### DATA EXCERPT:
= = = = = = =

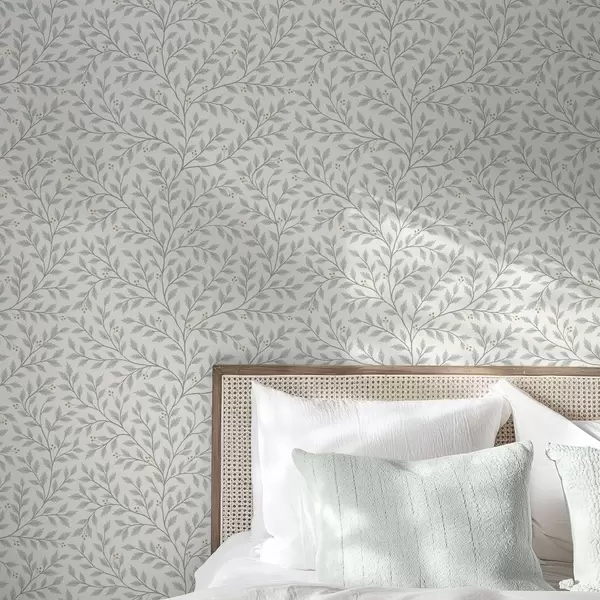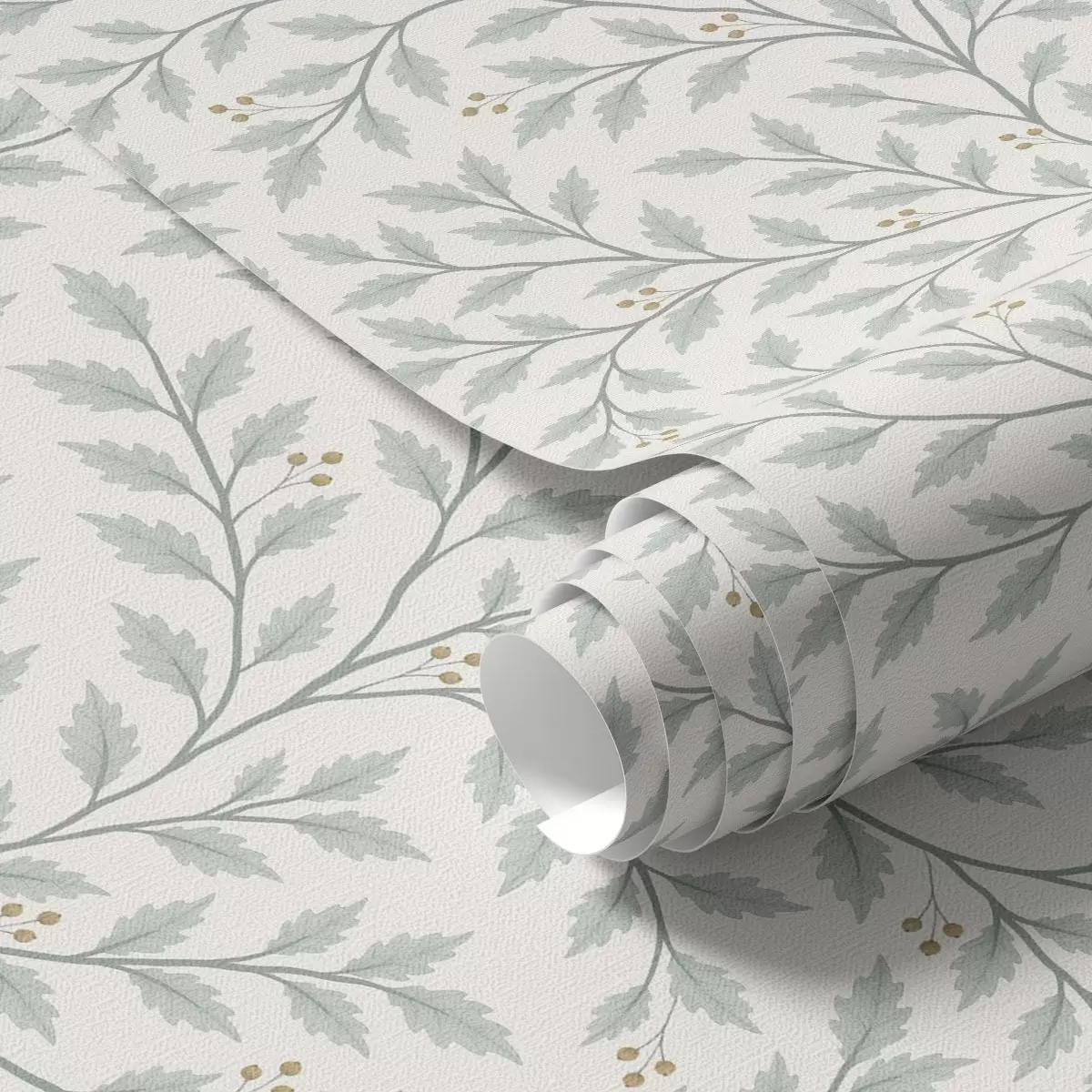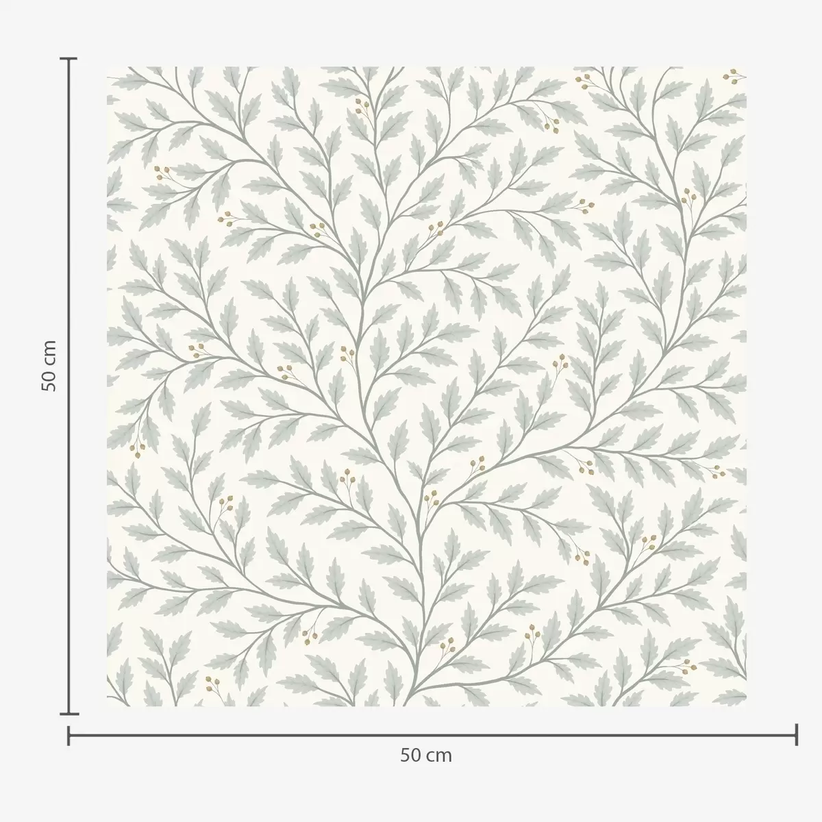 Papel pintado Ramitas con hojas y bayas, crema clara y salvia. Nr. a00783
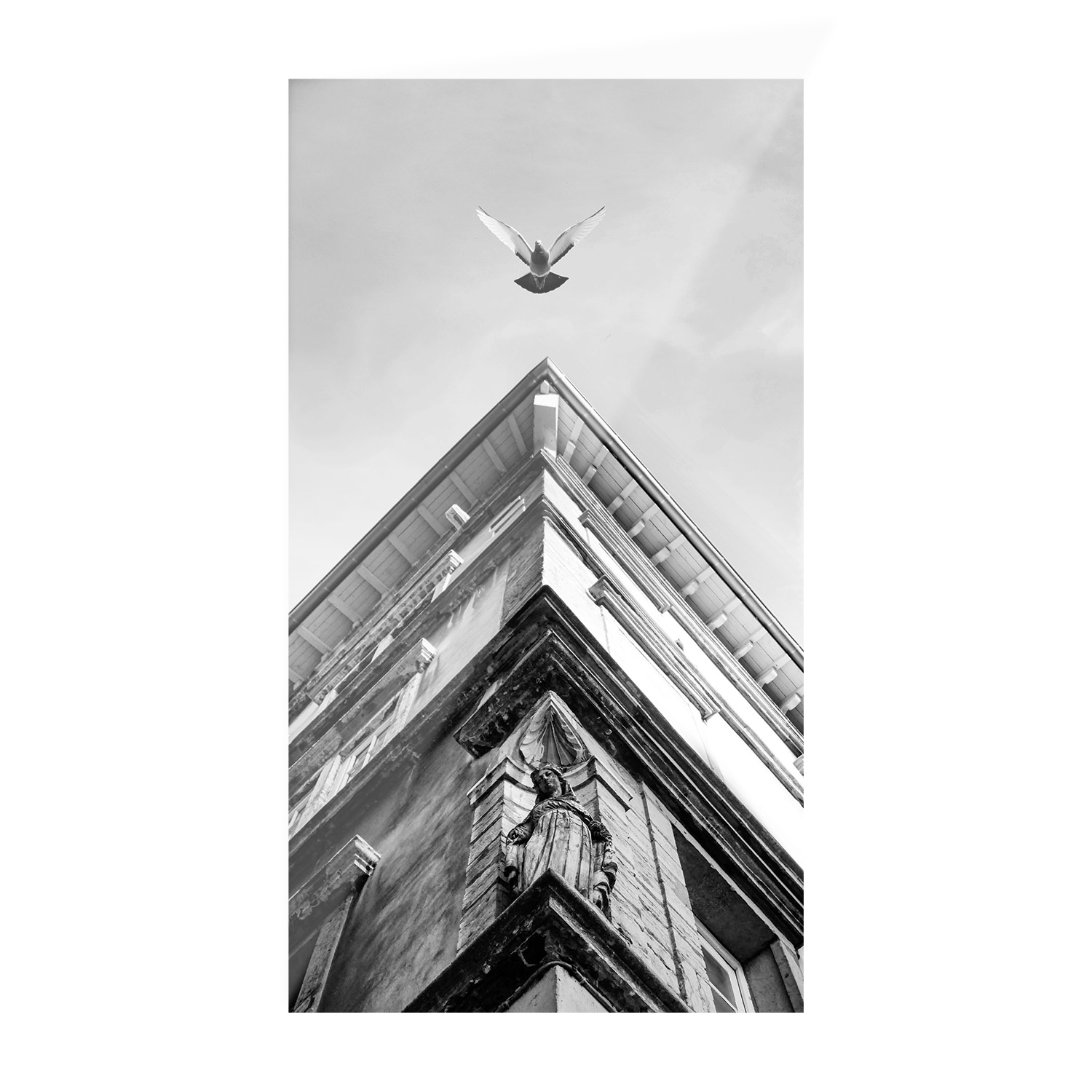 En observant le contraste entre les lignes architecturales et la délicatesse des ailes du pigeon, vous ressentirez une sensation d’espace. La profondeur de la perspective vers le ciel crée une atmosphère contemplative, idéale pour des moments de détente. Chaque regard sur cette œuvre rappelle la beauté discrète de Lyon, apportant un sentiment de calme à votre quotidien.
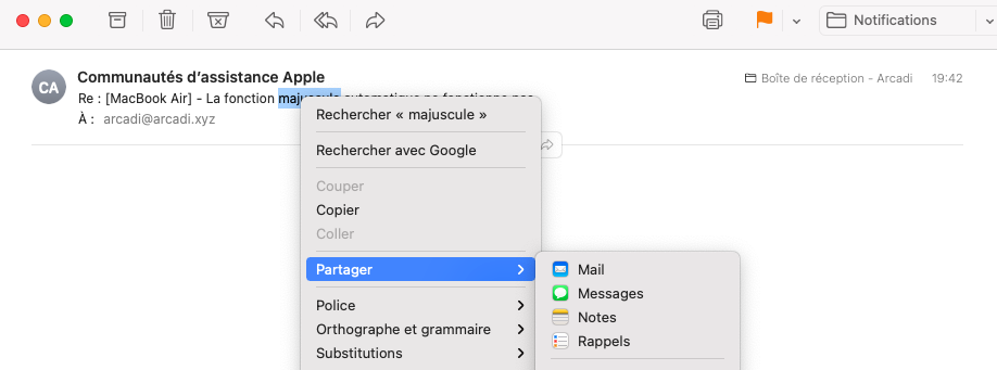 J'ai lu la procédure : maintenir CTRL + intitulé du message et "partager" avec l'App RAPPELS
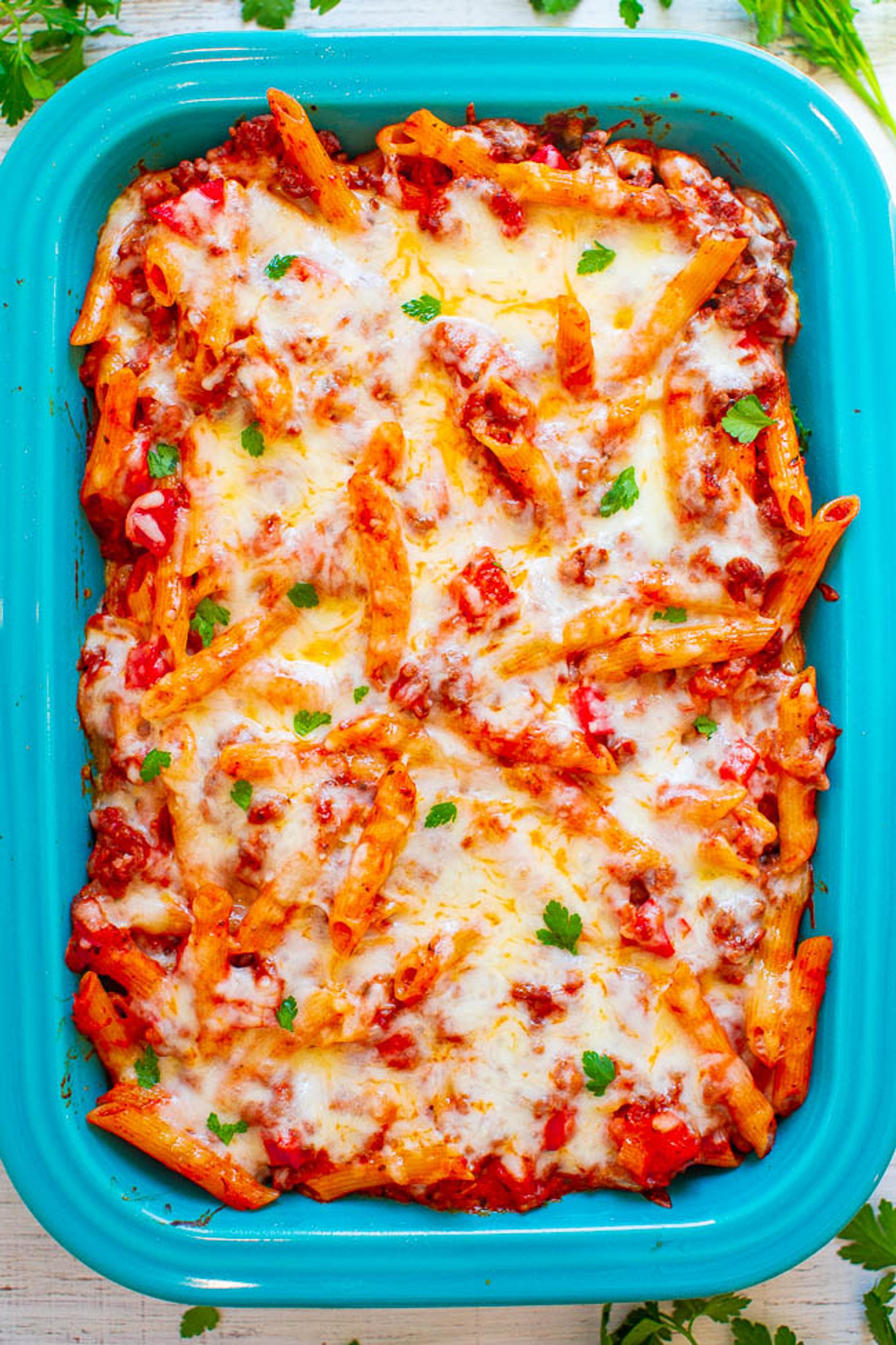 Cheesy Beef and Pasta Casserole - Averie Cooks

= = = = = = =

Repeat the data above word for word, without pictures.

### EXERCISE RESPONSE:
 Papel pintado Ramitas con hojas y bayas, crema clara y salvia. Nr. a00783
 En observant le contraste entre les lignes architecturales et la délicatesse des ailes du pigeon, vous ressentirez une sensation d’espace. La profondeur de la perspective vers le ciel crée une atmosphère contemplative, idéale pour des moments de détente. Chaque regard sur cette œuvre rappelle la beauté discrète de Lyon, apportant un sentiment de calme à votre quotidien.
 J'ai lu la procédure : maintenir CTRL + intitulé du message et "partager" avec l'App RAPPELS
 Cheesy Beef and Pasta Casserole - Averie Cooks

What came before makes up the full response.